Records excerpted from a collection
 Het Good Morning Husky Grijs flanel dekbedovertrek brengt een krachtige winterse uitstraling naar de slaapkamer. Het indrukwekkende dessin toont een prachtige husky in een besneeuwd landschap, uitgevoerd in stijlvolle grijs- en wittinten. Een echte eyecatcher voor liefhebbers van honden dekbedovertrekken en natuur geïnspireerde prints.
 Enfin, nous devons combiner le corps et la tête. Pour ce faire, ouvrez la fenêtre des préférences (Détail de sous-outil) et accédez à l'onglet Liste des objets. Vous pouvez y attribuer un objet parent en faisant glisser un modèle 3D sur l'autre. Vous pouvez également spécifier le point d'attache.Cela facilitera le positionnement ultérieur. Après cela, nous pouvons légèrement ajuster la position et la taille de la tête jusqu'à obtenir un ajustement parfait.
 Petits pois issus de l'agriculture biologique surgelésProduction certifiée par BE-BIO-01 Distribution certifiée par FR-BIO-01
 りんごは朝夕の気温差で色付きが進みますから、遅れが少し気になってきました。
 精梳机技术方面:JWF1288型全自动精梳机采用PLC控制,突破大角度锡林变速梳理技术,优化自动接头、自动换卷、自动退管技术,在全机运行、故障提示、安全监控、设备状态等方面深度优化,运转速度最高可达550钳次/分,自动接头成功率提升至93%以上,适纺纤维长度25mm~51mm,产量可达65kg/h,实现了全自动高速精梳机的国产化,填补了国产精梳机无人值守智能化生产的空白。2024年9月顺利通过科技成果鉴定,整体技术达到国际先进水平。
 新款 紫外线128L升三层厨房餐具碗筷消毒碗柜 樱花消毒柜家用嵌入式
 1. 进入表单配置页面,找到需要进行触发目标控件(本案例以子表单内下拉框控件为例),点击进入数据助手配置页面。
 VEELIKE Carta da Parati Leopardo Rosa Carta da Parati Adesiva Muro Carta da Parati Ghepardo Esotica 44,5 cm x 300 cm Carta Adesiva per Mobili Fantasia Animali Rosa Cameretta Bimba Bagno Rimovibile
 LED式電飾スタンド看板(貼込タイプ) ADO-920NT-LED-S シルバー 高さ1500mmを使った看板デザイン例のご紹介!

TASK DETAILS:
Word for word, write out all of the entries.

RESPONSE AREA:
 Het Good Morning Husky Grijs flanel dekbedovertrek brengt een krachtige winterse uitstraling naar de slaapkamer. Het indrukwekkende dessin toont een prachtige husky in een besneeuwd landschap, uitgevoerd in stijlvolle grijs- en wittinten. Een echte eyecatcher voor liefhebbers van honden dekbedovertrekken en natuur geïnspireerde prints.
 Enfin, nous devons combiner le corps et la tête. Pour ce faire, ouvrez la fenêtre des préférences (Détail de sous-outil) et accédez à l'onglet Liste des objets. Vous pouvez y attribuer un objet parent en faisant glisser un modèle 3D sur l'autre. Vous pouvez également spécifier le point d'attache.Cela facilitera le positionnement ultérieur. Après cela, nous pouvons légèrement ajuster la position et la taille de la tête jusqu'à obtenir un ajustement parfait.
 Petits pois issus de l'agriculture biologique surgelésProduction certifiée par BE-BIO-01 Distribution certifiée par FR-BIO-01
 りんごは朝夕の気温差で色付きが進みますから、遅れが少し気になってきました。
 精梳机技术方面:JWF1288型全自动精梳机采用PLC控制,突破大角度锡林变速梳理技术,优化自动接头、自动换卷、自动退管技术,在全机运行、故障提示、安全监控、设备状态等方面深度优化,运转速度最高可达550钳次/分,自动接头成功率提升至93%以上,适纺纤维长度25mm~51mm,产量可达65kg/h,实现了全自动高速精梳机的国产化,填补了国产精梳机无人值守智能化生产的空白。2024年9月顺利通过科技成果鉴定,整体技术达到国际先进水平。
 新款 紫外线128L升三层厨房餐具碗筷消毒碗柜 樱花消毒柜家用嵌入式
 1. 进入表单配置页面,找到需要进行触发目标控件(本案例以子表单内下拉框控件为例),点击进入数据助手配置页面。
 VEELIKE Carta da Parati Leopardo Rosa Carta da Parati Adesiva Muro Carta da Parati Ghepardo Esotica 44,5 cm x 300 cm Carta Adesiva per Mobili Fantasia Animali Rosa Cameretta Bimba Bagno Rimovibile
 LED式電飾スタンド看板(貼込タイプ) ADO-920NT-LED-S シルバー 高さ1500mmを使った看板デザイン例のご紹介!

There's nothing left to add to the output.